La tasa de supervivencia es del 10 al 20% a cinco años en la mayoría de los países analizados.
En México, la frecuencia del cáncer de pulmón va en aumento en las décadas recientes, observándose en los casos atendidos en el Instituto Nacional de Enfermedades Respiratorias, que el tipo predominante ahora es el adenocarcinoma, causando en 2012 la muerte de siete mil 608 personas, con una tasa de mortalidad de 6.7 por cada 100 mil habitantes.
Se han determinado como causas de riesgo en el cáncer de pulmón: la edad, humo de tabaco (primera y segunda mano), radón, asbesto y otros productos químicos peligrosos, contaminación ambiental y por partículas, humo intradomiciliario, radioterapia, arsénico, antecedentes familiares, ciertos complementos alimenticios (vitaminas) y enfermedades pulmonares (tuberculosis) entre otras.
Es decir, el cáncer de pulmón es multifactorial, que no es causa exclusivamente de que el paciente que lo padece sea o haya sido fumador, y que en muchas ocasiones su enfermedad está más relacionada con la actividad que desarrolla o desarrolló durante su vida laboral, afectando ciertamente a población vulnerable.
Los signos y síntomas del cáncer de pulmón son el dolor torácico, tos que no desaparece, tos con sangre, fatiga, pérdida de peso involuntaria; inapetencia; dificultad para respirar; sibilancias y debilidad.

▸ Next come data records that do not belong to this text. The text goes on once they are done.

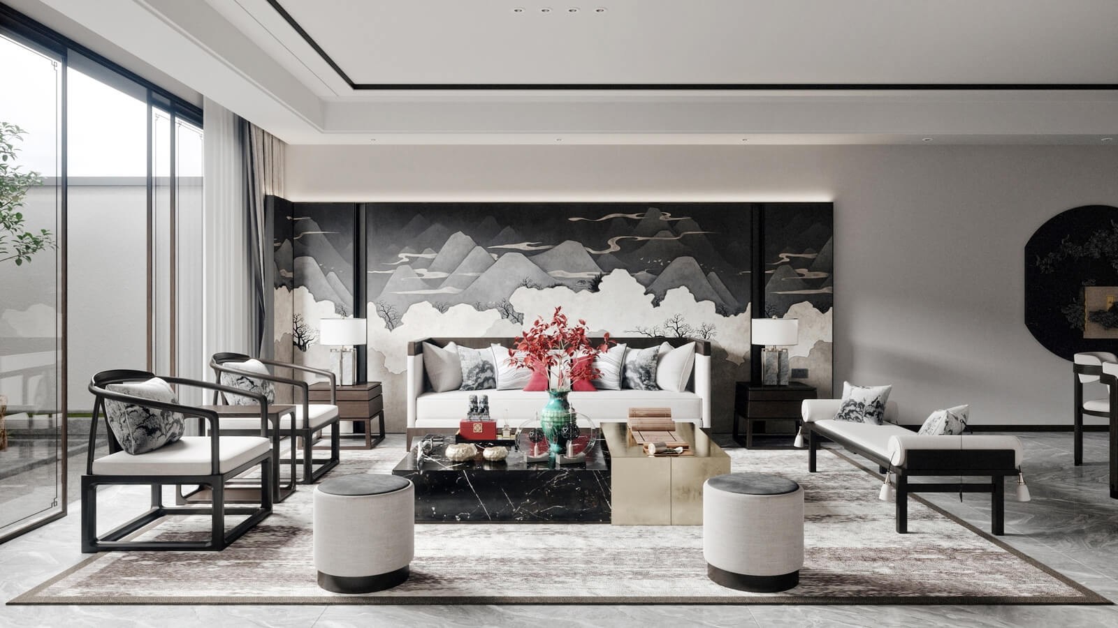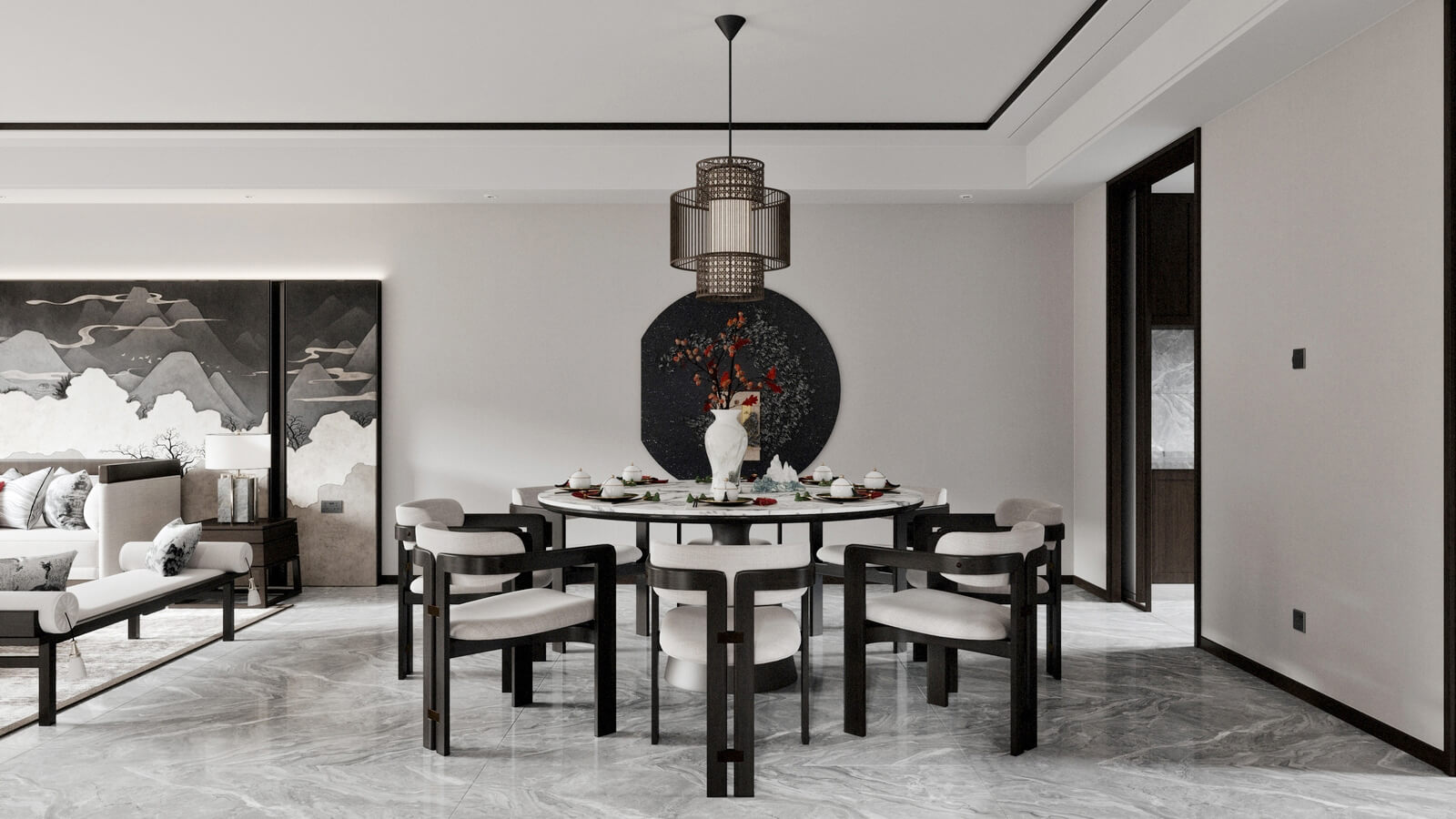 瀏覽量:1147設(shè)計(jì)師打破了人們對(duì)傳統(tǒng)中式風(fēng)格的固有觀念,加入了許多現(xiàn)代化的設(shè)計(jì)元素。其中,中國(guó)風(fēng)味一點(diǎn)兒也沒(méi)少。山水畫,瓷器,深色桌椅,這些富含古典韻味的裝飾,完美地與現(xiàn)代化的空間融為一體,體現(xiàn)出靜謐的美感。
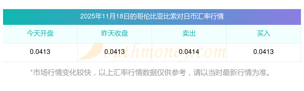 哥倫比亞比索今日匯率:哥倫比亞比索對日元匯率是多少?2025-11-18
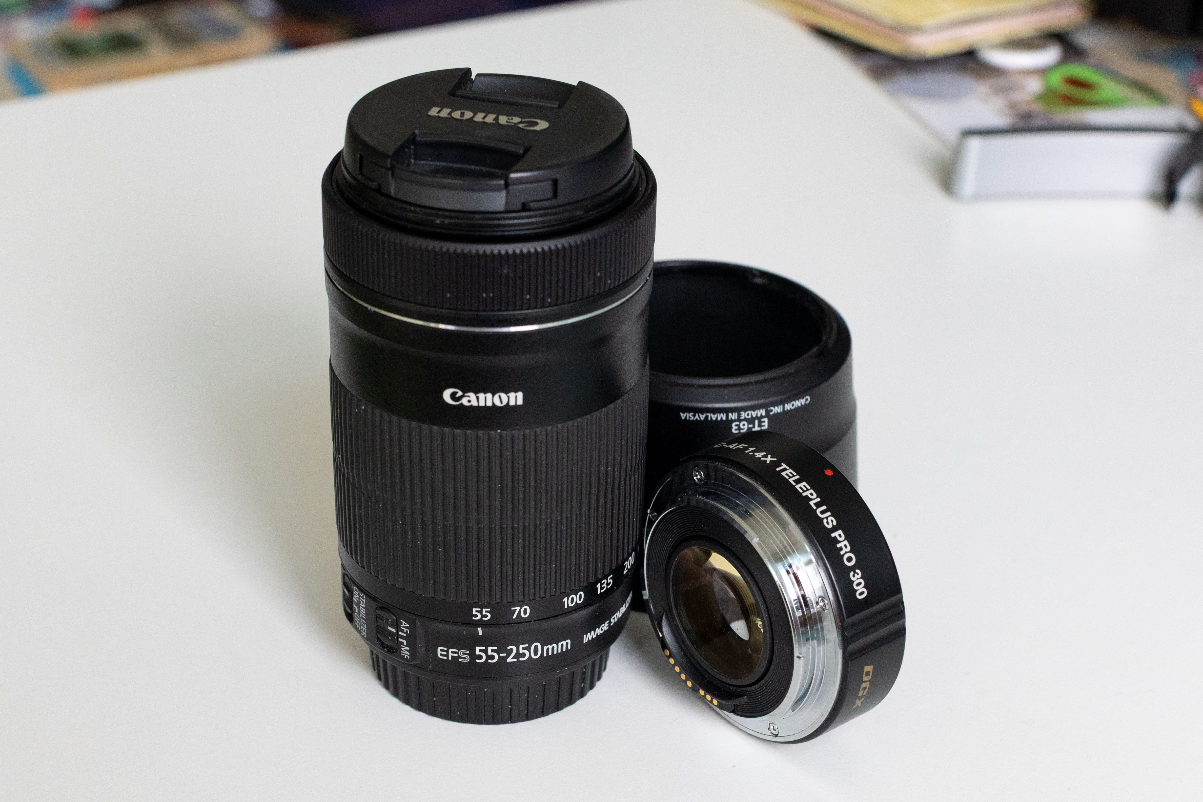 Canon’s own teleconverters are not suitable because of their protruding front optical element, but a third-party Kenko C-AF 1.4× TELEPLUS PRO 300 (which can be found for €50–70) does a satisfactory job of covering the full frame with a 1.6× crop-factor lens, at the cost of one stop of light.

El tratamiento actual del cáncer de pulmón en las instituciones públicas de salud solo consiste en una combinación de radioterapia y quimioterapia, aún y cuando existen tratamientos más modernos y eficaces que el tratamiento tradicional.
Los cuidados paliativos y el costo del diagnóstico, considerando biopsias, radiografías, imágenes por resonancia magnética, citologías y toracocentesis entre otros estudios, redunda en un gasto elevado para la población que padece esta enfermedad.
Más aún cuando la enfermedad se presenta en población vulnerable, que pudo haberse enfermado como consecuencia de la actividad que desarrollaba laboralmente, o por el ambiente en el que habita, aunado al gasto de bolsillo que debe erogar la misma para el diagnóstico y tratamiento de la enfermedad.
A fin de garantizar una atención adecuada, oportuna, específica y de calidad a las personas que sufran cáncer de pulmón, propusimos el Grupo Parlamentario del PAN que, del Fondo de Protección de Gastos Catastróficos, que actualmente dispone de más de 90 mil millones de pesos, se tomará el recurso necesario para su atención.
El punto de acuerdo lo registramos en la Comisión Permanente del Congreso de la Unión el 15 de mayo y fue aprobado por unanimidad el pasado miércoles 5 de junio, con un exhorto a la Secretaría de Salud para que fortalezca la atención y a la Secretaría de Hacienda a destinar mayores recursos para garantizar la atención de la totalidad de pacientes del Programa de Cáncer de Pulmón a cargo del Instituto Nacional de Cancerología.
Esperamos la sensibilidad del Gobierno Federal para hacer realidad este exhorto en un entorno donde está identificado el problema y se tiene el recurso para solucionarlo. ¿Ocurrirá?